We choose to avoid these labels because we believe that God sees us as so much more than a “victim” or “offender.” In his eyes, we are all children of God, we all have dignity, and we all are deserving of respect.
Is it possible to find a balance between the respect and justice due to the victims and the respect due to those condemned to death?
- In "Fratelli Tutti"Pope Francis writes that "every act of violence committed against a human being is a wound in the flesh of humanity. Violence leads to more violence, hatred to more hatred, death to more death. We must break this cycle that seems inescapable."
When we as a society talk about justice for victims, we know it has to involve a measure of accountability for the person who caused them harm, and a way of keeping them safe from future wrongdoing. But that does not mean we have to perpetuate the cycle of violence. We can deliver a kind of justice that doesn’t create more “wounds in humanity’s flesh.”

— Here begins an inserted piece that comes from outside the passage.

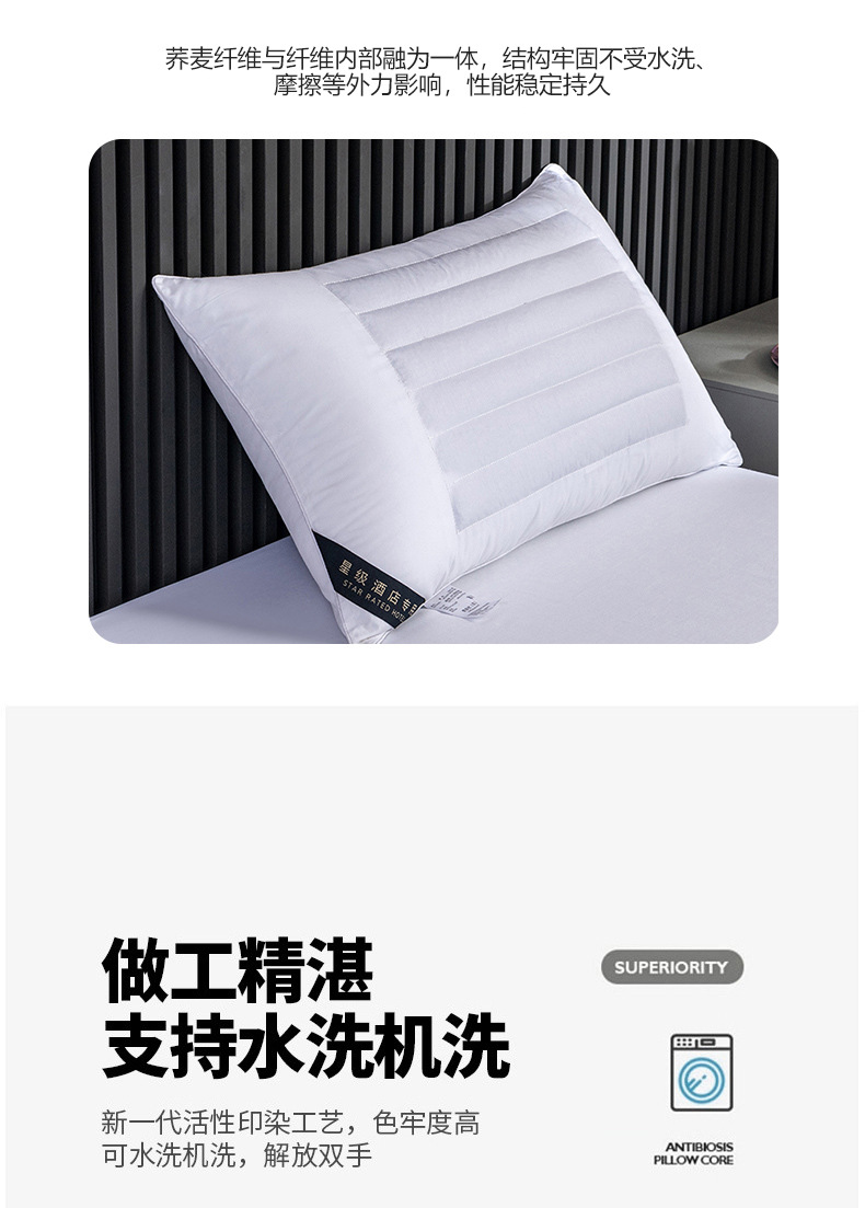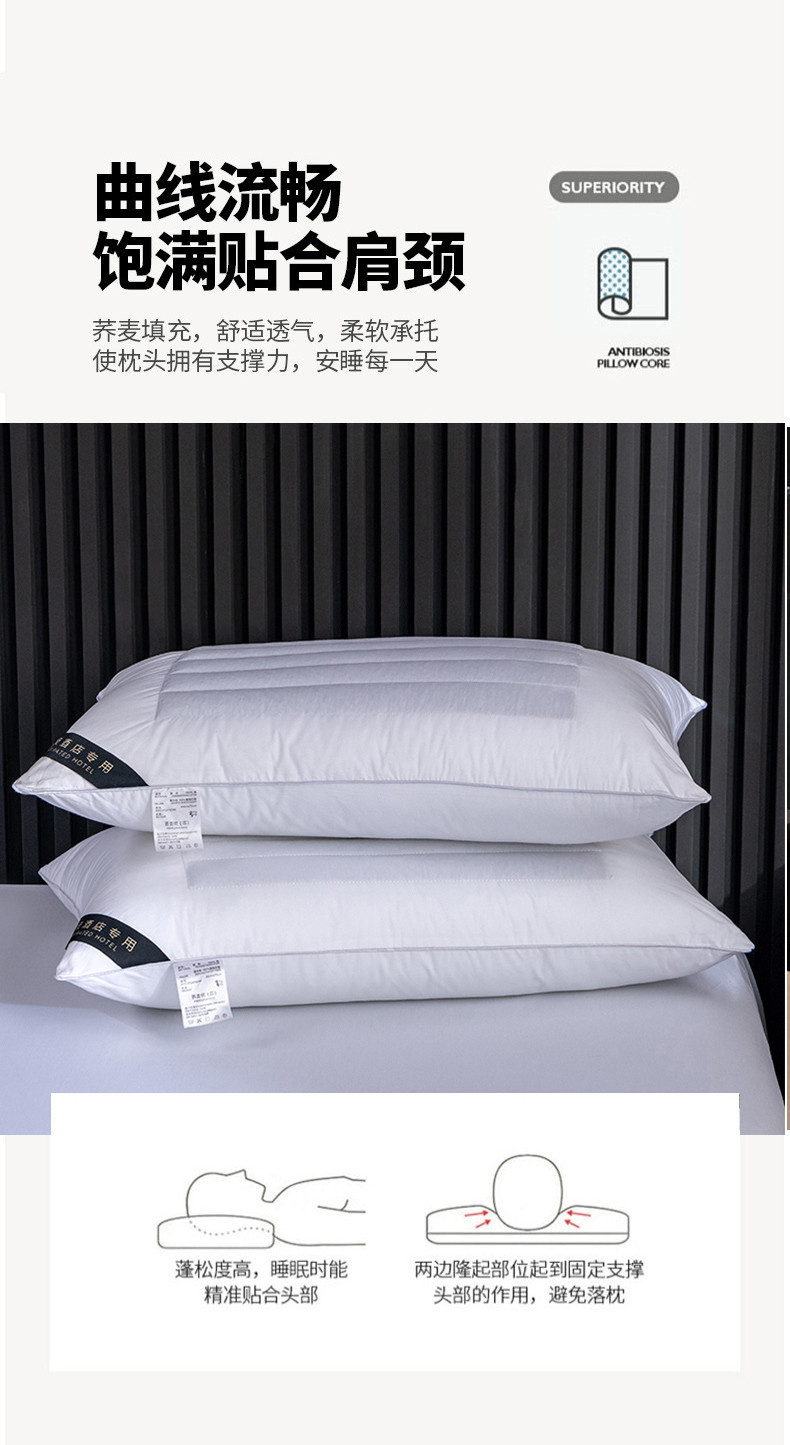 순면 메밀 겸용 베개 호텔용 항진드기 섬유 베개 코어 가정용 학생 기숙사용 싱글 수면 베개 목 보호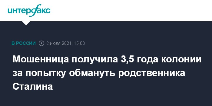 Мошенница получила 3,5 года колонии за попытку обмануть родственника Сталина

How to explain to those harmed by the crimes committed that the death penalty is not an option?
- Often, the best way to approach people who’ve been victimized by crime is not to speak or to preach, but to listen. With openness and curiosity, we should seek to understand the unique pain that people are experiencing. We need to accompany them in their (often lifelong) journeys of grief and healing.
I think about my friends, Syl and Vicki Schieber, whose daughter, Shannon, was tragically murdered in 1998. Syl and Vicki were told by law enforcement that the death penalty is the only thing that would bring them “closure” and peace. But it never sat right with them, this idea that killing Shannon’s killer would help them heal.
Syl and Vicki are lifelong Catholics. And it was through praying the Lord’s Prayer at Mass that they realized they could choose another path — a path of forgiveness. They made the incredibly difficult choice to forgive Shannon’s killer, and they became vocal advocates against him receiving the death penalty. They also played a major role in their home state of Maryland abolishing the death penalty in 2013.
Syl talks about how years after Shannon’s death, he met a man whose father had been murdered 20 years before. Where Syl had rejected the idea that vengeance would help him heal, this man had chosen the other path — the one of anger and resentment. At one point in the conversation, the man said to Syl, “Wow, I wish I was where you are.”
There are still too many victims waiting for the “closure” that society has promised them will come from capital punishment. We owe them the chance to break free from what Pope Francis calls “this cycle which seems inescapable.” They deserve the peace and healing that Syl and Vicki found.